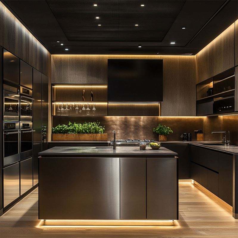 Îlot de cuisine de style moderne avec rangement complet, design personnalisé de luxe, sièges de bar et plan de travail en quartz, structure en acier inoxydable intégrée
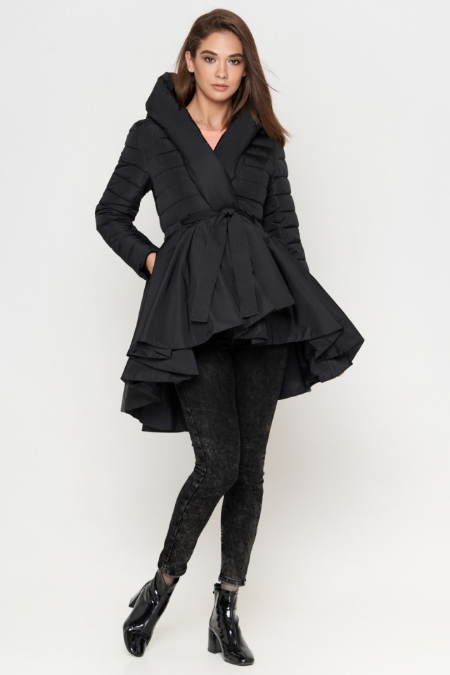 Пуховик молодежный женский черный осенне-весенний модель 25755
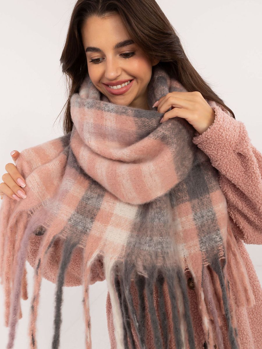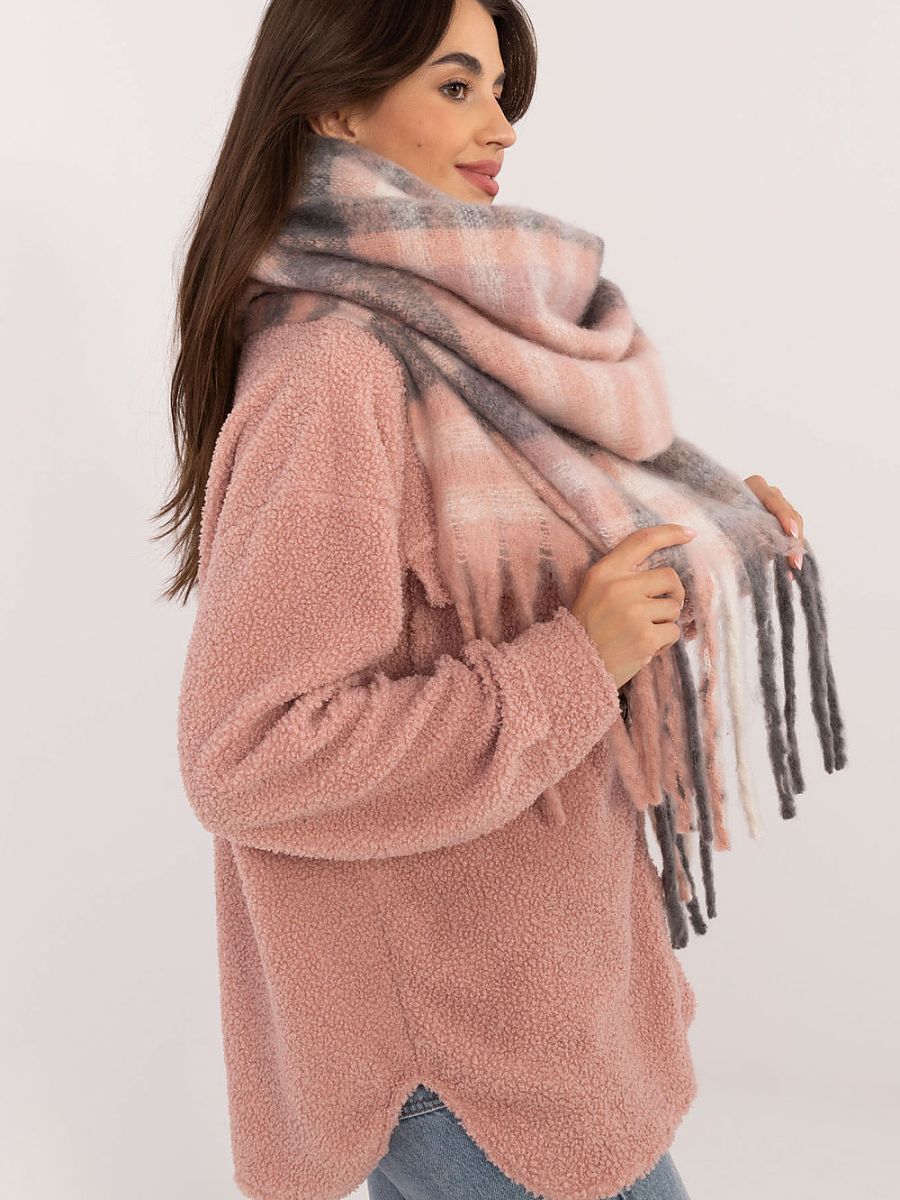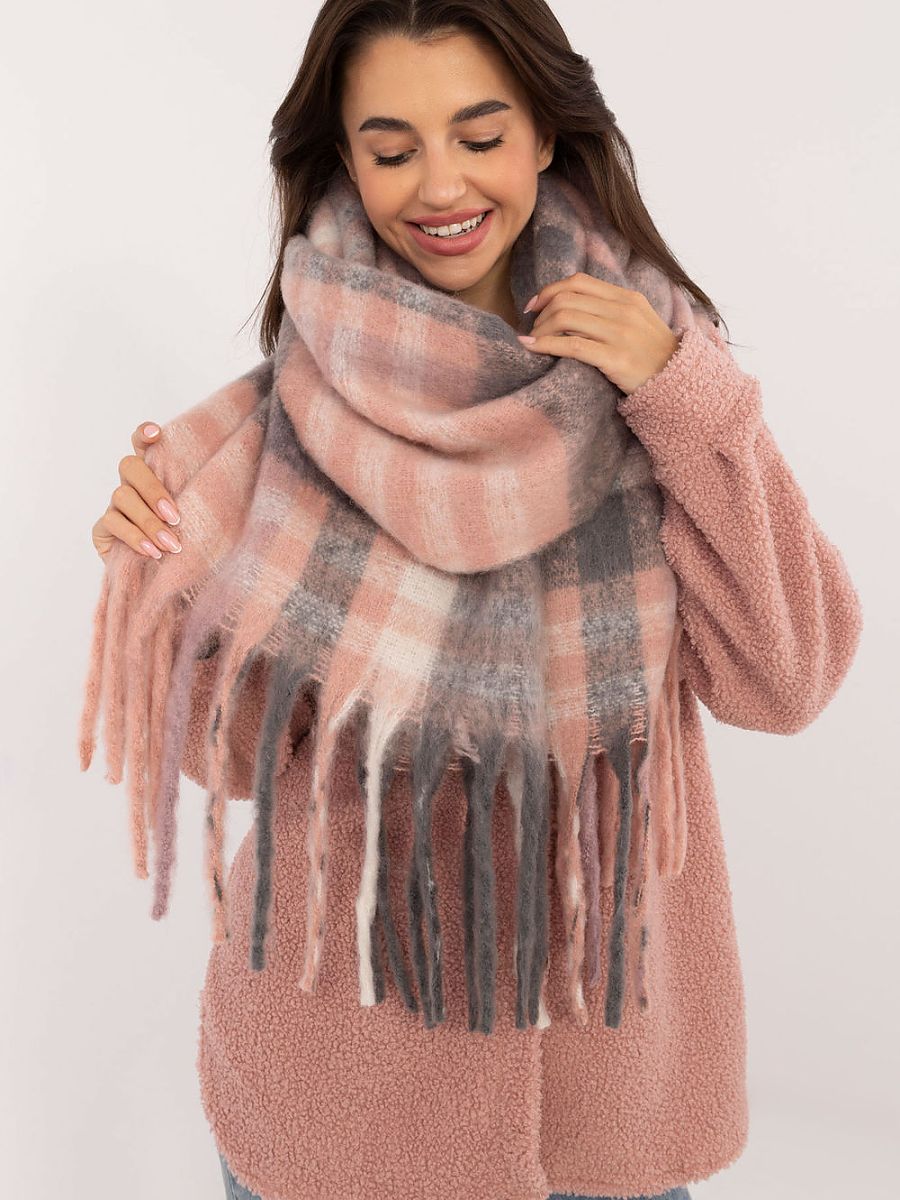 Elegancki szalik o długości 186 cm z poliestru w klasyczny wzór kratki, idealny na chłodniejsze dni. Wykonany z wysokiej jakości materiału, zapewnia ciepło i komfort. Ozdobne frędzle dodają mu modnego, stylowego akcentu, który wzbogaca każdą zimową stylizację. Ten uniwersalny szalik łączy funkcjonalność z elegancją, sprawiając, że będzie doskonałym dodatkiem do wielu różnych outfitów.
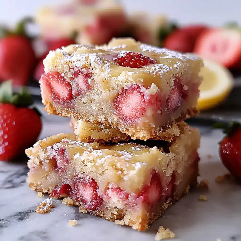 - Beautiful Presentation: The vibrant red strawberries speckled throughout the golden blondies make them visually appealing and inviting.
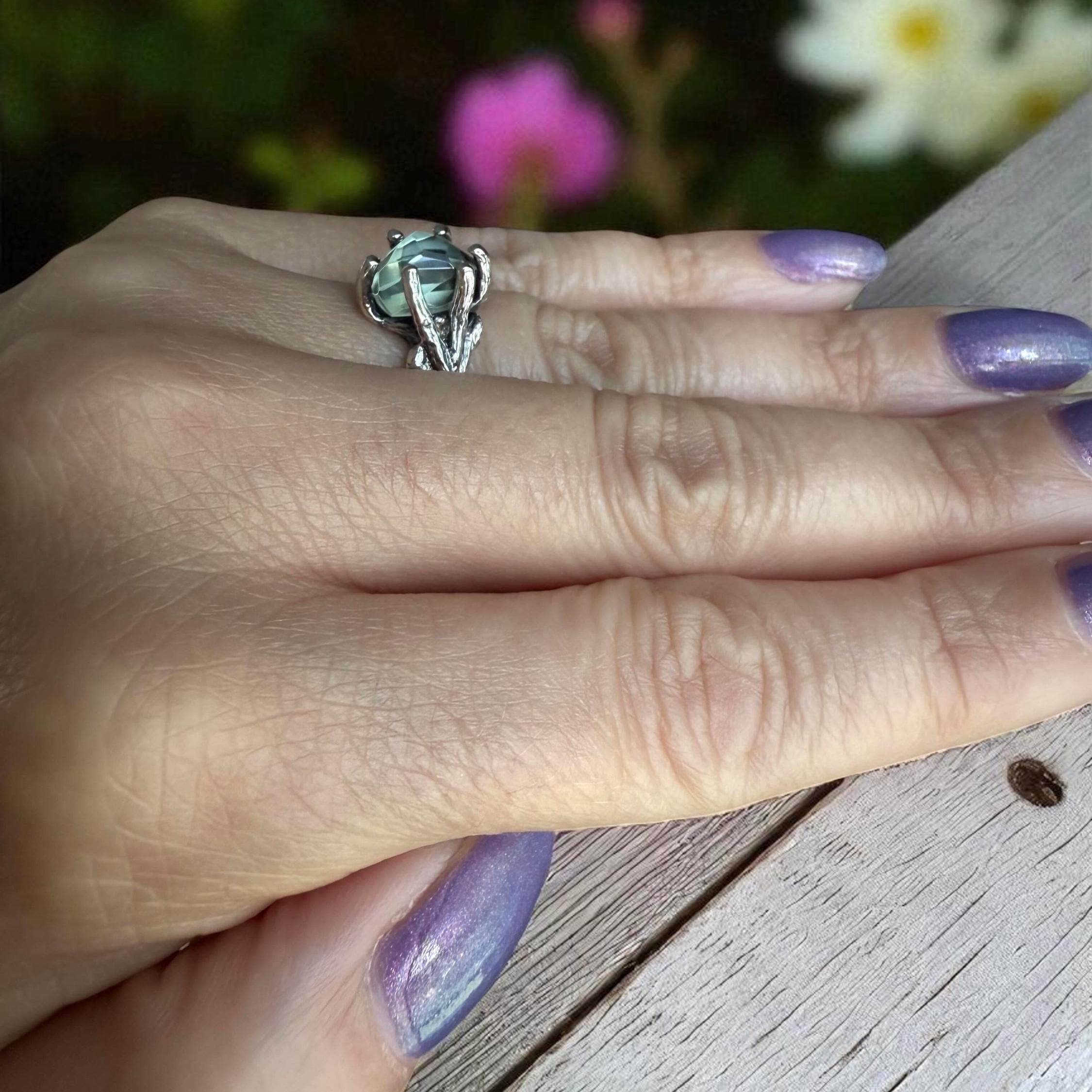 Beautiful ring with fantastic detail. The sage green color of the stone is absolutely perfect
◇ ◇ ◇
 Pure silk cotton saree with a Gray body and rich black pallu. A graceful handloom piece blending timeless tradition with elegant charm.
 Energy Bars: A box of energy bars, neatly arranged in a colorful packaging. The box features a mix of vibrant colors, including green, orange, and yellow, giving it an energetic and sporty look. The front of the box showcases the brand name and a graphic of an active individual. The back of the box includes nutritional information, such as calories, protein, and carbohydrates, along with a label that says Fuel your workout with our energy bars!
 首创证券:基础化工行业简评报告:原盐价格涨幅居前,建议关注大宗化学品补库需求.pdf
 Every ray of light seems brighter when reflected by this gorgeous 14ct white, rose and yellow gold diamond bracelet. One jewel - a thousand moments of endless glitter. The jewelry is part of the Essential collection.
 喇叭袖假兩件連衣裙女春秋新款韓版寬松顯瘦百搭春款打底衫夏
◇ ◇ ◇
Word for word, restate the lines above from the one with "Пуховик молодежный женский" through the one with "Elegancki szalik o", keeping both ends and dropping the pictures.

#### [Result of the exercise]
 Пуховик молодежный женский черный осенне-весенний модель 25755
 Elegancki szalik o długości 186 cm z poliestru w klasyczny wzór kratki, idealny na chłodniejsze dni. Wykonany z wysokiej jakości materiału, zapewnia ciepło i komfort. Ozdobne frędzle dodają mu modnego, stylowego akcentu, który wzbogaca każdą zimową stylizację. Ten uniwersalny szalik łączy funkcjonalność z elegancją, sprawiając, że będzie doskonałym dodatkiem do wielu różnych outfitów.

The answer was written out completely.